Every year in France, around mid-September, there’s a special weekend where everyone can visit some famous places, usually closed the rest of the year. That’s “Journée du Patrimoine”. For example, you can visit places like the Elysée Palace or the Matignon Palace, if you want to see where the French president, or the French prime minister work. However, for some of those places, it’s tricky to register online to book a slot, as there’s always a high demand for them. Furthermore, you have to be there at the right time to register, and often, you don’t even know when that day or time is! So I thought I could monitor the website of the Elysée Palace to see when the registration would open, by tracking changes on the Elysée website.
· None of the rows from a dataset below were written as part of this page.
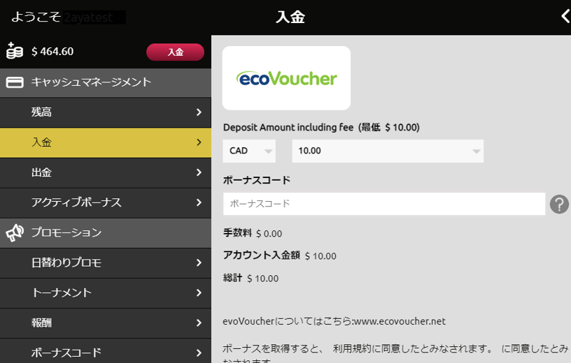 - カジノにログインして入金画面よりecoVoucherを選択しお持ちのエコバウチャーの通貨単位、金額を選択し「送金」をクリック。
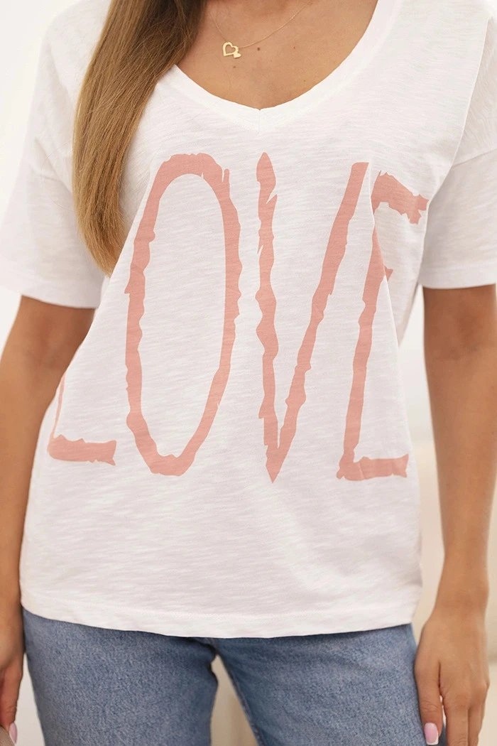 Dámská bavlněná blůza s výstřihem do V a potiskem LOVE bílá
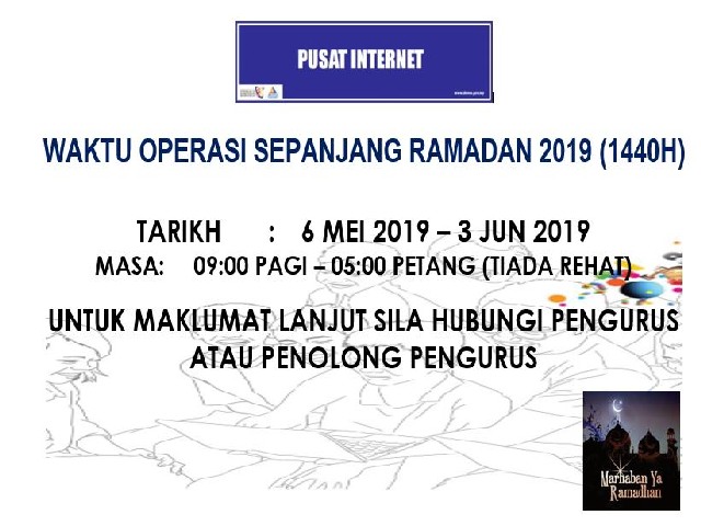 Berikut adalah Notis Waktu Operasi Pusat Internet Pokok Jawi pada bulan Ramadhan bermula 6 Mei - 3 Jun 2019
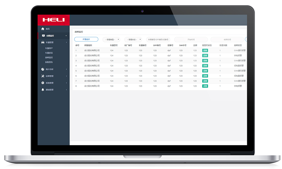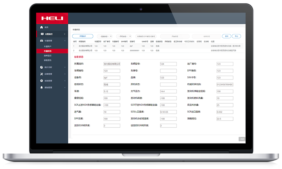 车辆故障状态及颗粒物排放浓度监控、故障代码显示。保障车辆运行安全。为车辆维保提供指导依据。
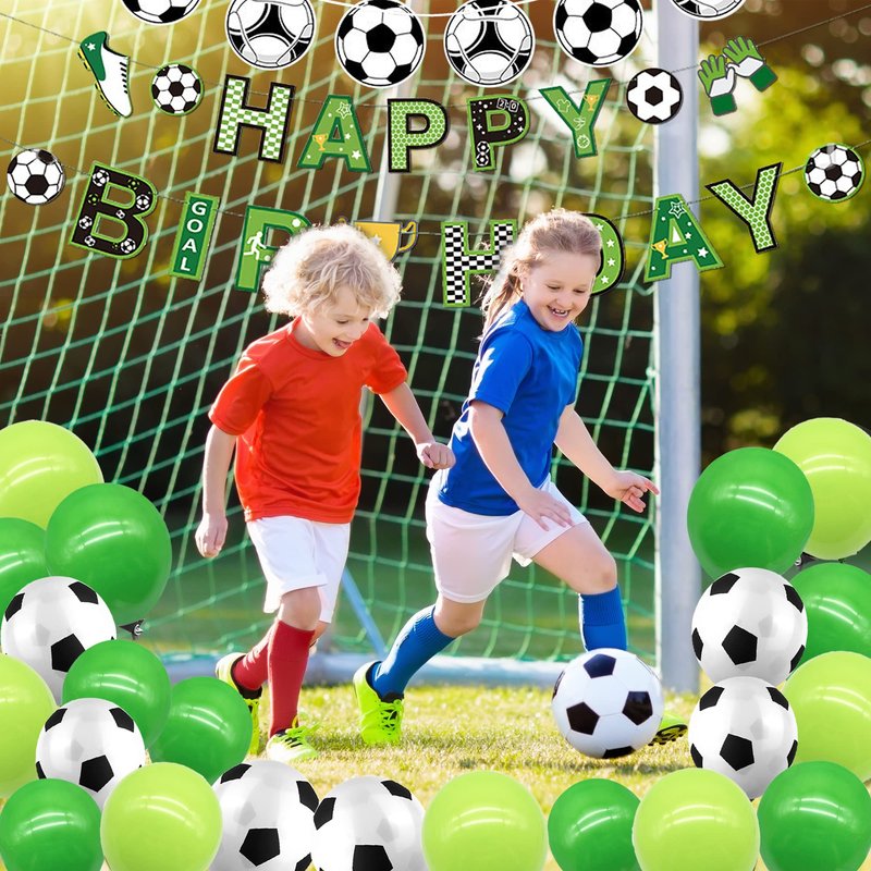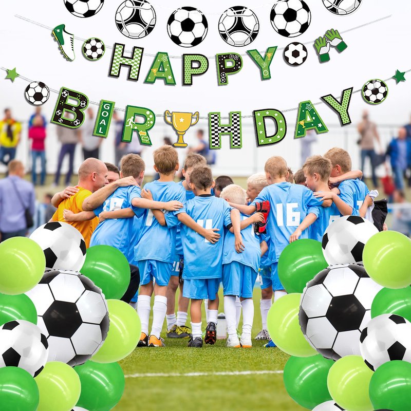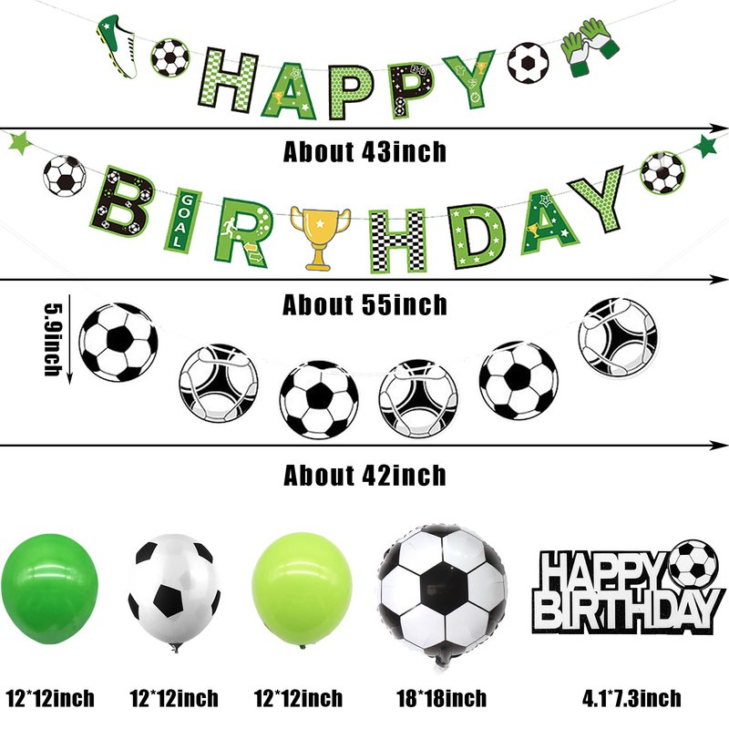 - Quantity:You will receive 1 happy birthday banner, 1 happy birthday cake topper, 1 soccer banner, 10 green latex balloons, 10 fruit green latex balloons, 10 soccer latex balloons, 2 soccer aluminum film balloons.

To monitor web page or website changes, there are a ton of online services available. There are often some limitations to the number of free requests, or to the frequency of the change checks. Being a developer on Google Cloud, I decided to write a simple solution that would take advantage of various Google Cloud services, namely:

  • Workflows: to define the various steps of my site change workflow,
  • Cloud Scheduler: to call execute my workflow on a regular basis,
  • Cloud Functions: to compute a hash of the webpage, to see if the page changed,
  • Cloud Storage: to store the hashes,
  • SendGrid (not a Google Cloud product): to send me an email when changes have appeared,
  • Secret Manager: to store my SendGrid API key securely.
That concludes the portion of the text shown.